Earnings

Graphic Packaging Holding Company (GPK) vs. Owens-Illinois, Inc. (OI): Comparing the Packaging & Containers Industry’s Most Active Stocks

Graphic Packaging Holding Company (NYSE:GPK) shares are up more than 24.52% this year and recently increased 1.90% or $0.29 to settle at $15.54. Owens-Illinois, Inc. (NYSE:OI), on the other hand, is up 34.23% year to date as of 11/13/2017. It currently trades at $23.37 and has returned -3.99% during the past week.

Graphic Packaging Holding Company (NYSE:GPK) and Owens-Illinois, Inc. (NYSE:OI) are the two most active stocks in the Packaging & Containers industry based on today’s trading volumes. To determine if one is a better investment than the other, we will compare the two companies’ growth, profitability, risk, return, and valuation characteristics, as well as their analyst ratings and sentiment signals.

Growth

One of the key things investors look for in a company is the ability to grow earnings at a high compound rate over time. Analysts expect GPK to grow earnings at a 25.00% annual rate over the next 5 years. Comparatively, OI is expected to grow at a 9.17% annual rate. All else equal, GPK’s higher growth rate would imply a greater potential for capital appreciation.



Profitability and Returns

Just, if not more, important than the growth rate is the quality of that growth. Growth can actual be harmful to investors if it comes at the cost of weak profitability and low returns. To adjust for differences in capital structure we’ll use EBITDA margin and Return on Investment (ROI) as measures of profitability and return., compared to an EBITDA margin of 14.99% for Owens-Illinois, Inc. (OI). GPK’s ROI is 9.40% while OI has a ROI of 4.20%. The interpretation is that GPK’s business generates a higher return on investment than OI’s.

Cash Flow 




Earnings don’t always accurately reflect the amount of cash that a company brings in. GPK’s free cash flow (“FCF”) per share for the trailing twelve months was +0.21. Comparatively, OI’s free cash flow per share was +0.53. On a percent-of-sales basis, GPK’s free cash flow was 1.51% while OI converted 1.29% of its revenues into cash flow. This means that, for a given level of sales, GPK is able to generate more free cash flow for investors.

Liquidity and Financial Risk

Balance sheet risk is one of the biggest factors to consider before investing. GPK has a current ratio of 1.50 compared to 1.20 for OI. This means that GPK can more easily cover its most immediate liabilities over the next twelve months. GPK’s debt-to-equity ratio is 2.01 versus a D/E of 6.84 for OI. OI is therefore the more solvent of the two companies, and has lower financial risk.

Valuation

GPK trades at a forward P/E of 18.48, a P/B of 4.26, and a P/S of 1.12, compared to a forward P/E of 8.28, a P/B of 4.63, and a P/S of 0.56 for OI. GPK is the cheaper of the two stocks on book value basis but is expensive in terms of P/E and P/S ratio. Given that earnings are what matter most to investors, analysts tend to place a greater weight on the P/E.

Analyst Price Targets and Opinions

A cheap stock isn’t a good investment if the stock is priced accurately. To get a sense of “value” we must compare the current price to some measure of intrinsic value such as a price target. GPK is currently priced at a -7.11% to its one-year price target of 16.73. Comparatively, OI is -12.7% relative to its price target of 26.77. This suggests that OI is the better investment over the next year.

The average investment recommendation on a scale of 1 to 5 (1 being a strong buy, 3 a hold, and 5 a sell) is 2.00 for GPK and 2.70 for OI, which implies that analysts are more bullish on the outlook for OI.

Risk and Volatility

To gauge the market risk of a particular stock, investors use beta.
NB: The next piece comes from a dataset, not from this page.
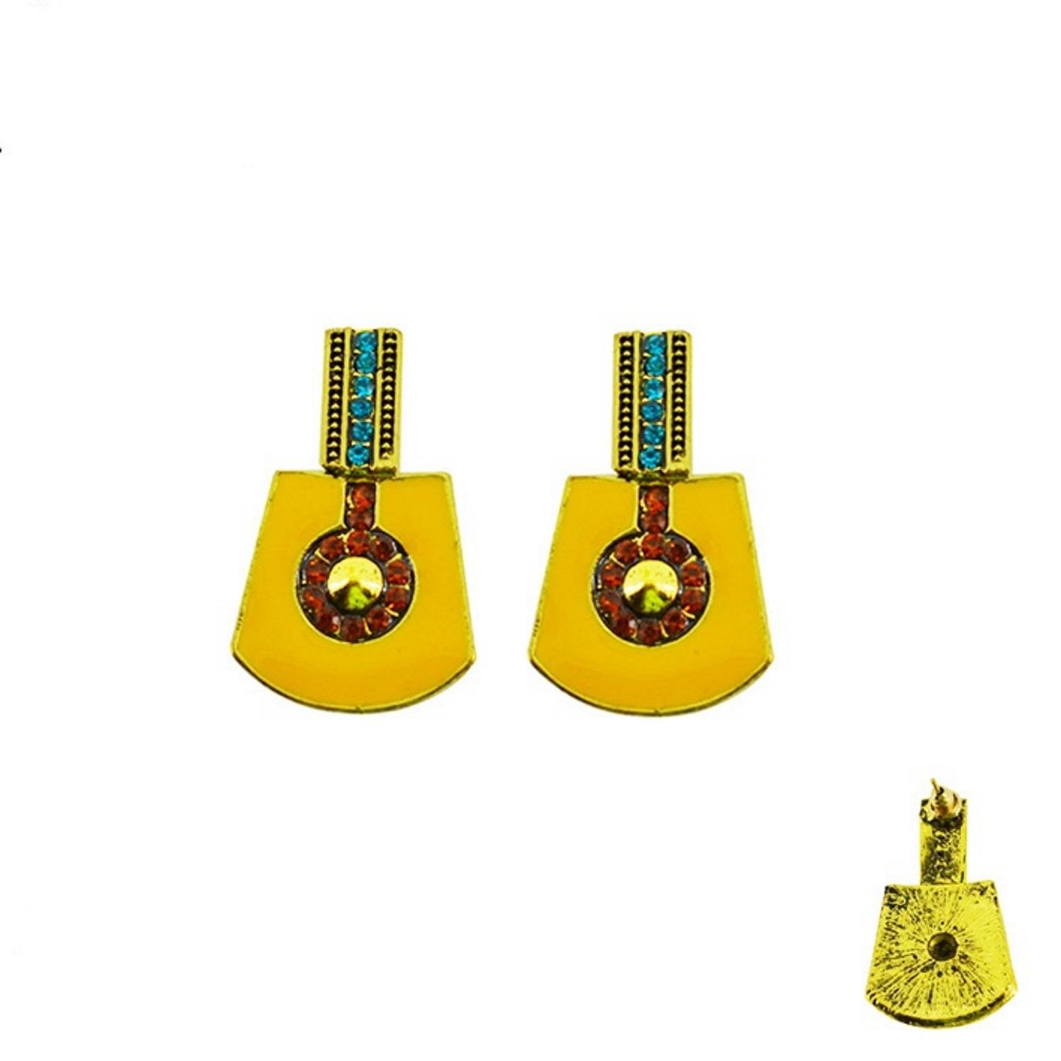 Boucles d'oreilles fantaisie en métal doré, émail et verre.

Stocks with a beta above 1 are more volatile than the market as a whole. Conversely, a beta below 1 implies below average systematic risk. GPK has a beta of 1.23 and OI’s beta is 1.53. GPK’s shares are therefore the less volatile of the two stocks.
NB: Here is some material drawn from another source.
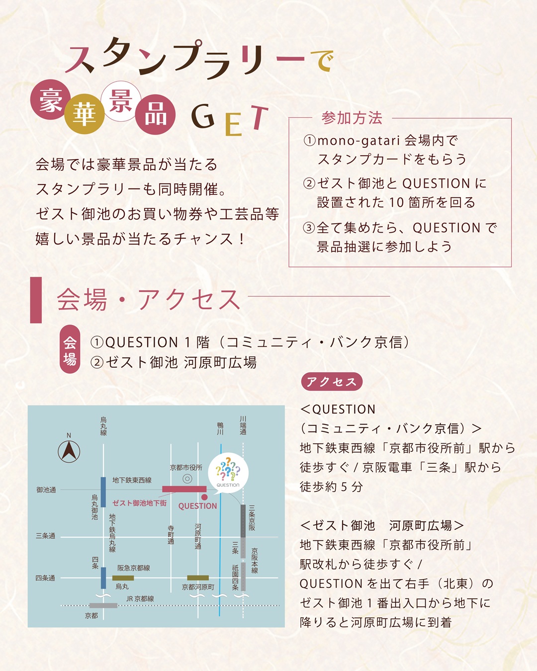 会場内では参加無料で、総額3万円分のゼスト御池商品券や、工芸品が当たるスタンプラリー&抽選会も開催!ゼスト御池とQUESTIONを行き来しながら10箇所のスタンプを集めて景品をGETしよう📍🚶♀️

Insider Activity and Investor Sentiment

Short interest is another tool that analysts use to gauge investor sentiment. It represents the percentage of a stock’s tradable shares that are being shorted. GPK has a short ratio of 1.62 compared to a short interest of 3.74 for OI. This implies that the market is currently less bearish on the outlook for GPK.

Summary

Graphic Packaging Holding Company (NYSE:GPK) beats Owens-Illinois, Inc. (NYSE:OI) on a total of 9 of the 14 factors compared between the two stocks. GPK is growing fastly, generates a higher return on investment, has a higher cash conversion rate, higher liquidity and has lower financial risk. Finally, GPK has better sentiment signals based on short interest.